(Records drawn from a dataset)
□ □ □ □

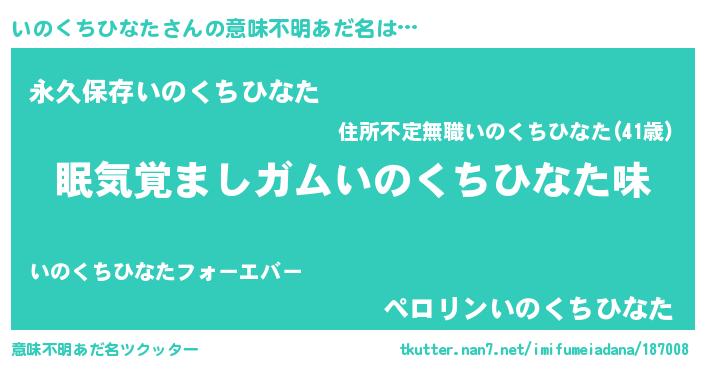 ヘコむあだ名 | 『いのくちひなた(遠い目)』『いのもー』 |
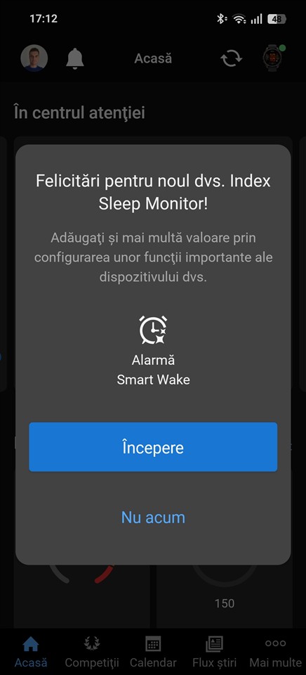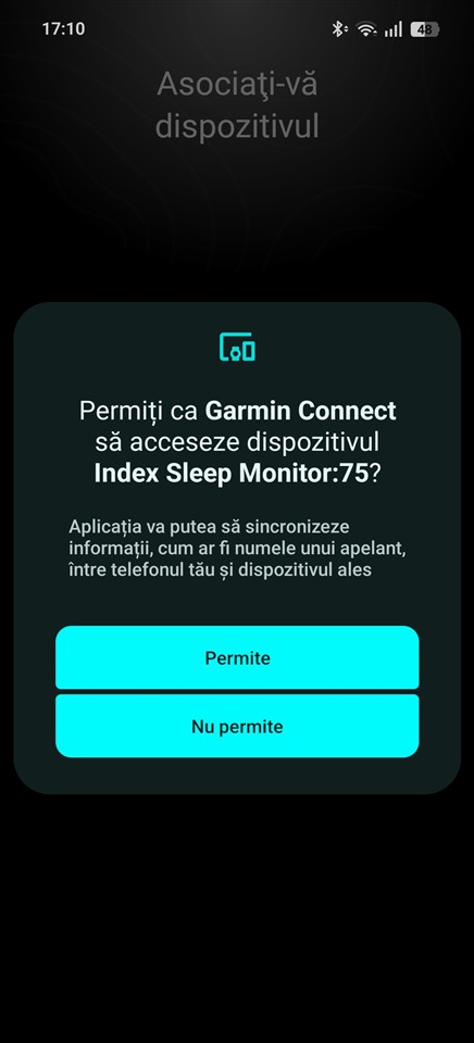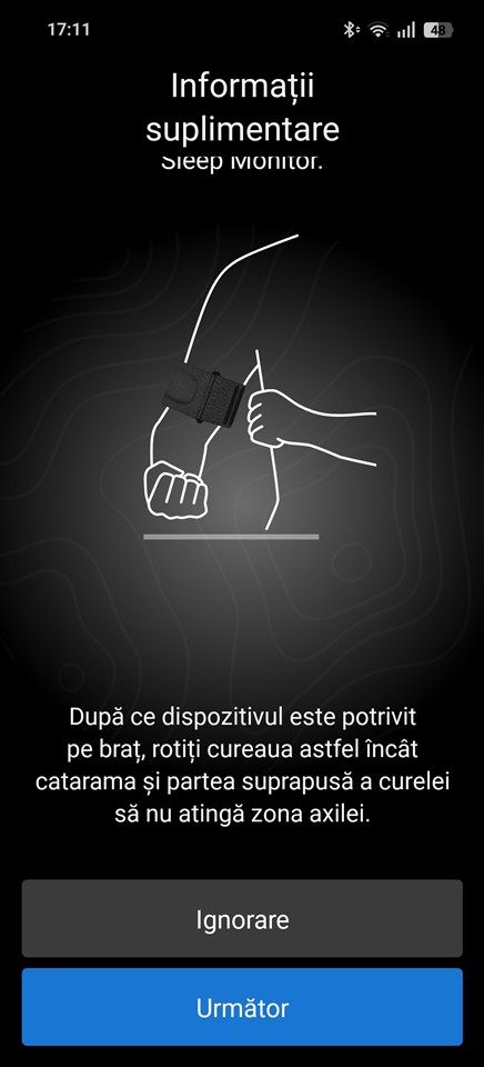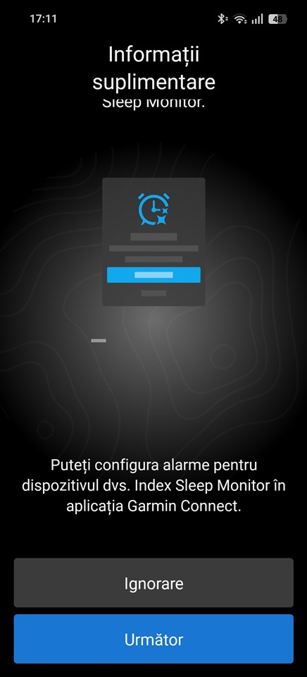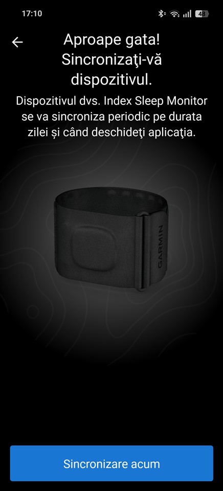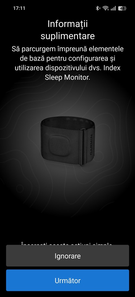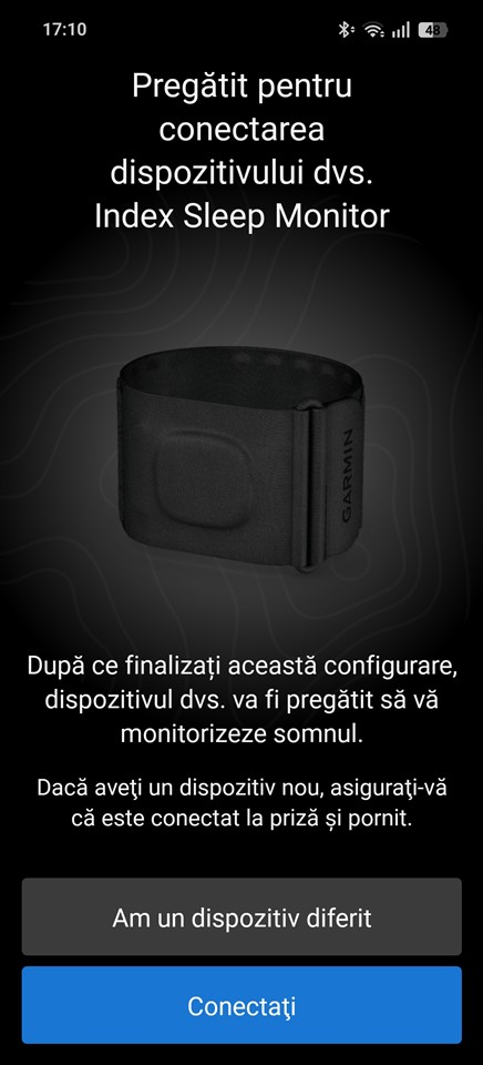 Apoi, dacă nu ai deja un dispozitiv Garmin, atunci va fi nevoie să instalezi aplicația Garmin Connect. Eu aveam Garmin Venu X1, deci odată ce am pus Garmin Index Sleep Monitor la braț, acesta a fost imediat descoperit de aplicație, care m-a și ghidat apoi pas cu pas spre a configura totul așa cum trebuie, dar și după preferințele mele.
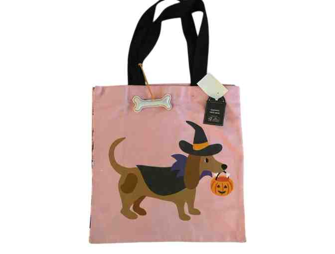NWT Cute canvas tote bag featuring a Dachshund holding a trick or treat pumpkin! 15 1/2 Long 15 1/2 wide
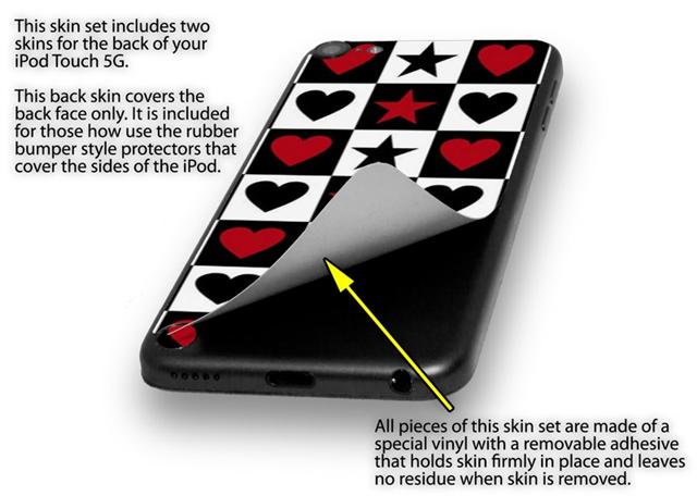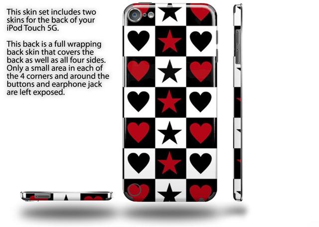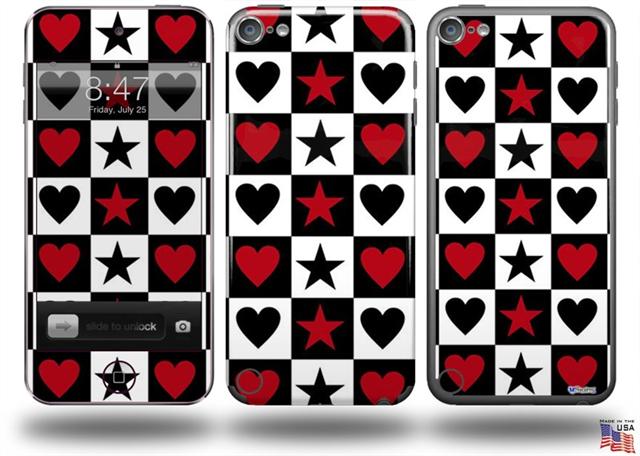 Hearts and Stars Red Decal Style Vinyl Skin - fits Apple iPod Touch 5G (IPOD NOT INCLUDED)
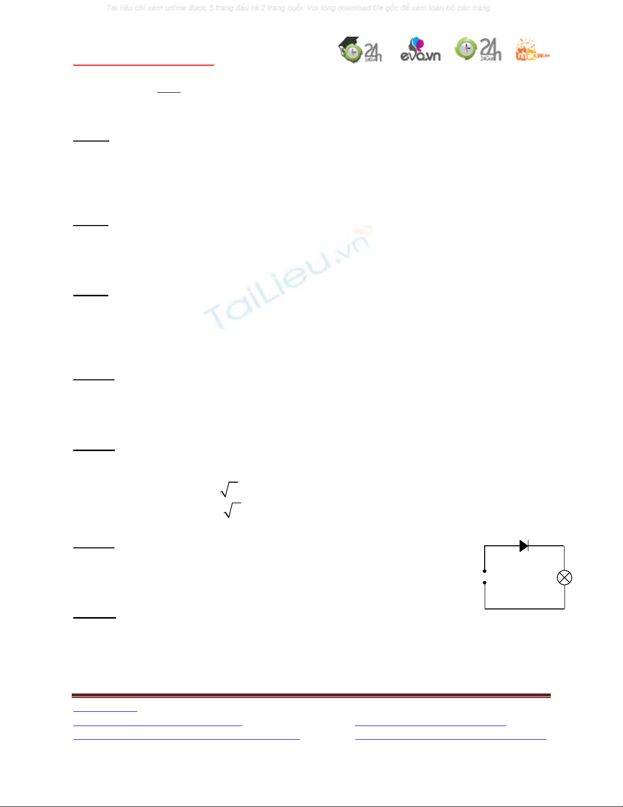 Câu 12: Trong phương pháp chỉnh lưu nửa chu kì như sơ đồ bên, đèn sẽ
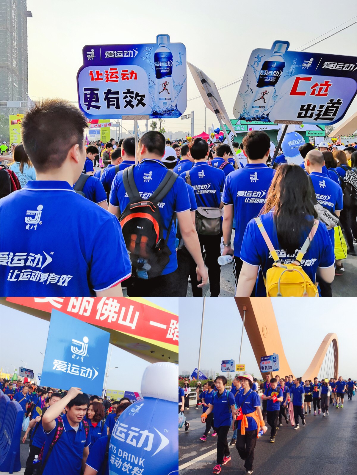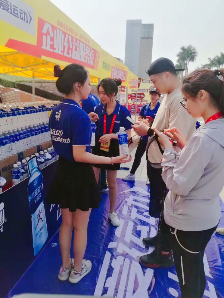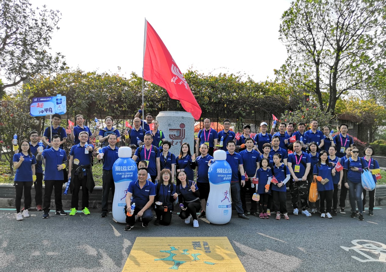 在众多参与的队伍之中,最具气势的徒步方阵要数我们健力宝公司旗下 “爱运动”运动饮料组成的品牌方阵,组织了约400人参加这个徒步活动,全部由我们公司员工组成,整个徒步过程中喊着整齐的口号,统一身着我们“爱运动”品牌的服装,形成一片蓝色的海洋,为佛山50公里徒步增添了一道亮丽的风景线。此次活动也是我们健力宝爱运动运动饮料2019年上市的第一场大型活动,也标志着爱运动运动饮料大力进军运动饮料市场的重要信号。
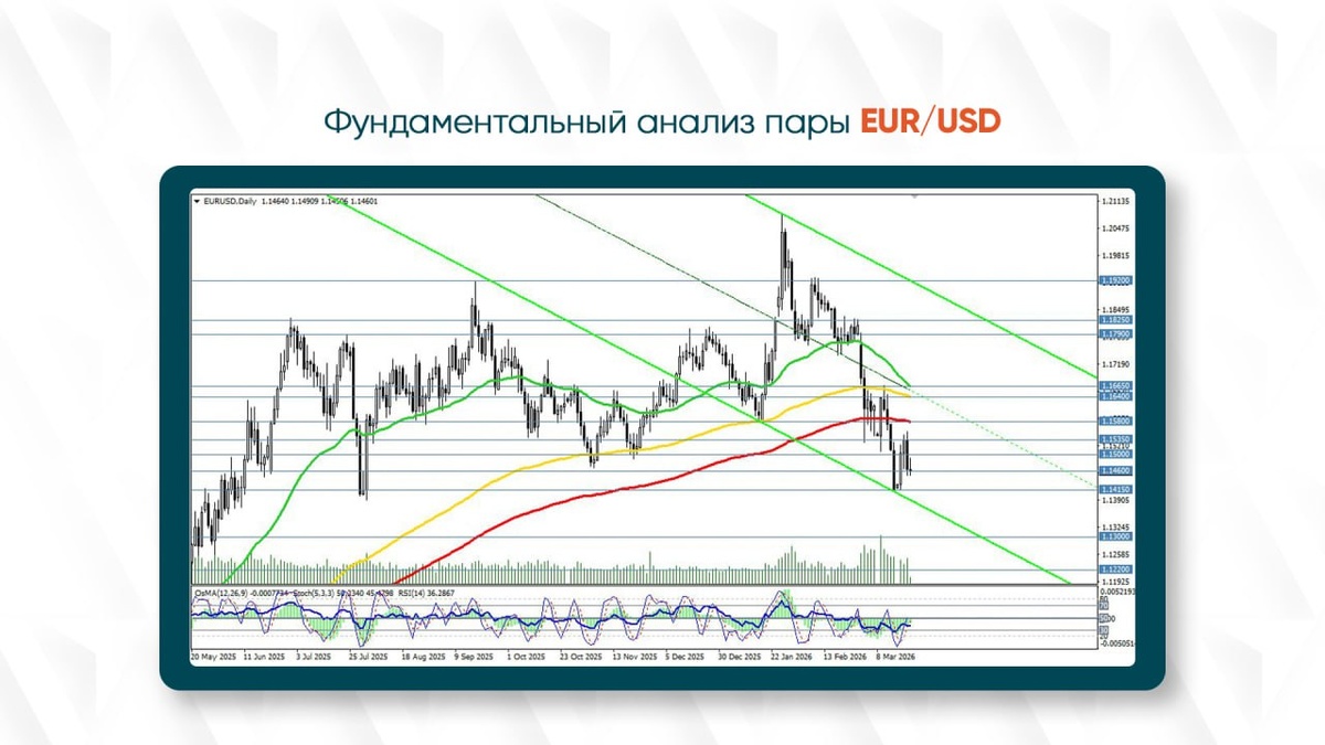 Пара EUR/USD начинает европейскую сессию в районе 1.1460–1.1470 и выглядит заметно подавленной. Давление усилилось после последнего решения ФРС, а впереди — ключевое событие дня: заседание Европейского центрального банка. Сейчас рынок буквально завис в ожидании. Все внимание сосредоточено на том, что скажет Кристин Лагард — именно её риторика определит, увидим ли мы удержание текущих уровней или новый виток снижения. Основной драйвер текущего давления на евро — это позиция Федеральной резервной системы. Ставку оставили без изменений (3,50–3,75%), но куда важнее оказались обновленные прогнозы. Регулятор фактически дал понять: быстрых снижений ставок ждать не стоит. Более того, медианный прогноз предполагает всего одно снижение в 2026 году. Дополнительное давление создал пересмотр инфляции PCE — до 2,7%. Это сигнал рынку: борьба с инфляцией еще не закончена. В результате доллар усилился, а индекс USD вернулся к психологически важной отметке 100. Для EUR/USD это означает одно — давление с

□ □ □ □

**Task instructions**
Skip the pictures and transcribe the rest of the records exactly.

**Exercise result**
 ヘコむあだ名 | 『いのくちひなた(遠い目)』『いのもー』 |
 Apoi, dacă nu ai deja un dispozitiv Garmin, atunci va fi nevoie să instalezi aplicația Garmin Connect. Eu aveam Garmin Venu X1, deci odată ce am pus Garmin Index Sleep Monitor la braț, acesta a fost imediat descoperit de aplicație, care m-a și ghidat apoi pas cu pas spre a configura totul așa cum trebuie, dar și după preferințele mele.
NWT Cute canvas tote bag featuring a Dachshund holding a trick or treat pumpkin! 15 1/2 Long 15 1/2 wide
 Hearts and Stars Red Decal Style Vinyl Skin - fits Apple iPod Touch 5G (IPOD NOT INCLUDED)
 Câu 12: Trong phương pháp chỉnh lưu nửa chu kì như sơ đồ bên, đèn sẽ
 在众多参与的队伍之中,最具气势的徒步方阵要数我们健力宝公司旗下 “爱运动”运动饮料组成的品牌方阵,组织了约400人参加这个徒步活动,全部由我们公司员工组成,整个徒步过程中喊着整齐的口号,统一身着我们“爱运动”品牌的服装,形成一片蓝色的海洋,为佛山50公里徒步增添了一道亮丽的风景线。此次活动也是我们健力宝爱运动运动饮料2019年上市的第一场大型活动,也标志着爱运动运动饮料大力进军运动饮料市场的重要信号。
 Пара EUR/USD начинает европейскую сессию в районе 1.1460–1.1470 и выглядит заметно подавленной. Давление усилилось после последнего решения ФРС, а впереди — ключевое событие дня: заседание Европейского центрального банка. Сейчас рынок буквально завис в ожидании. Все внимание сосредоточено на том, что скажет Кристин Лагард — именно её риторика определит, увидим ли мы удержание текущих уровней или новый виток снижения. Основной драйвер текущего давления на евро — это позиция Федеральной резервной системы. Ставку оставили без изменений (3,50–3,75%), но куда важнее оказались обновленные прогнозы. Регулятор фактически дал понять: быстрых снижений ставок ждать не стоит. Более того, медианный прогноз предполагает всего одно снижение в 2026 году. Дополнительное давление создал пересмотр инфляции PCE — до 2,7%. Это сигнал рынку: борьба с инфляцией еще не закончена. В результате доллар усилился, а индекс USD вернулся к психологически важной отметке 100. Для EUR/USD это означает одно — давление с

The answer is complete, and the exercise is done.